Os fuzileiros que cuidavam do Portão da Abadia na quinta tinham chegado a Cabul cerca de uma semana antes. Eles estavam renovados e com um objetivo em mente: fazer passar o maior número possível de pessoas. Isso significava usar um intérprete e um alto-falante para convencer a multidão a recuar, tarefa dolorosa que permitiu que os fuzileiros abrissem dois pontos de entrada.

A queda de Cabul tinha desencadeado um tsunâmi de telefonemas, e-mails e mensagens desesperadas de organizações estrangeiras que trabalharam no Afeganistão nos últimos 20 anos, todas implorando ao Pentágono ajuda para retirar seus funcionários e aliados do país.

Outras pessoas que trabalharam com afegãos, inclusive professores que visitaram escolas no país, uniram-se a senadores americanos, diretores de empresas de mídia e chefes de organizações globais pedindo ajuda para seus ex-parceiros, que correm perigo de sofrer represálias dos talibãs.
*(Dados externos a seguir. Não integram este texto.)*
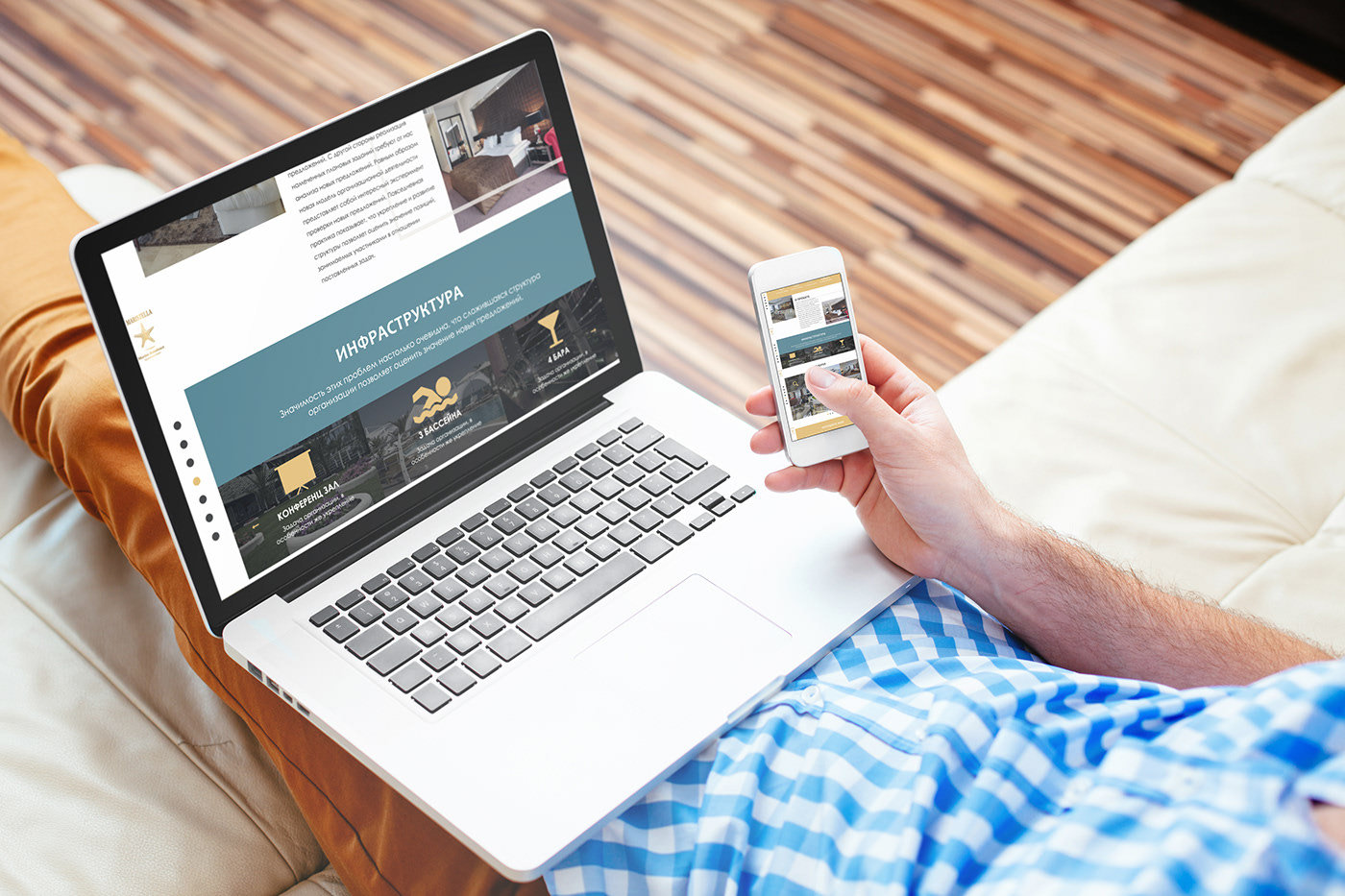 Перед нами была поставлена задача создать современный дизайн для сайта отеля. По желанию заказчика дизайн должен отражать идею и престиж отеля. Соответствовать цветовой палитре отеля и быть понятным для клиента. В дизайне для страниц отеля важно передать комфорт и то, что будет ожидать клиента при пользовании услугами отеля.
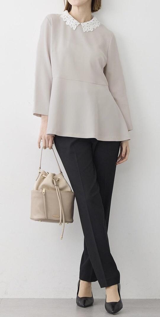 【セットアップ対応/洗える】トリアセダブルジョーゼット2WAYレース襟ペプラムブラウス

Os pedidos chegaram às tropas americanas no aeroporto de Cabul. "Os fuzileiros que morreram foram os que auxiliaram nossa equipe", disse Cori Shepherd, cineasta que já ajudou meninas afegãs a irem para escolas nos EUA. "Esses homens estavam literalmente entrando na massa e retirando nossas mulheres em segurança, coordenados com nosso homem para encontrá-las. Os homens que trabalhavam no Portão da Abadia foram extremamente corajosos."

O almirante aposentado Peter Vasely, ex-membro dos SEALs da Marinha, que conduzem a operação no aeroporto, pediu que os comandantes talibãs verifiquem melhor as pessoas que seguem para o Portão da Abadia, disseram autoridades.

Os talibãs podem ter frustrado outras tentativas, disse McKenzie a repórteres na quinta. Mas afinal "não há substituto para um rapaz ou uma moça —um jovem americano— parado ali conduzindo uma revista da pessoa antes de deixá-la entrar", disse o militar. O esforço para retirar pessoas vulneráveis do Afeganistão vai continuar, disse ele. "É por isso que estamos lá."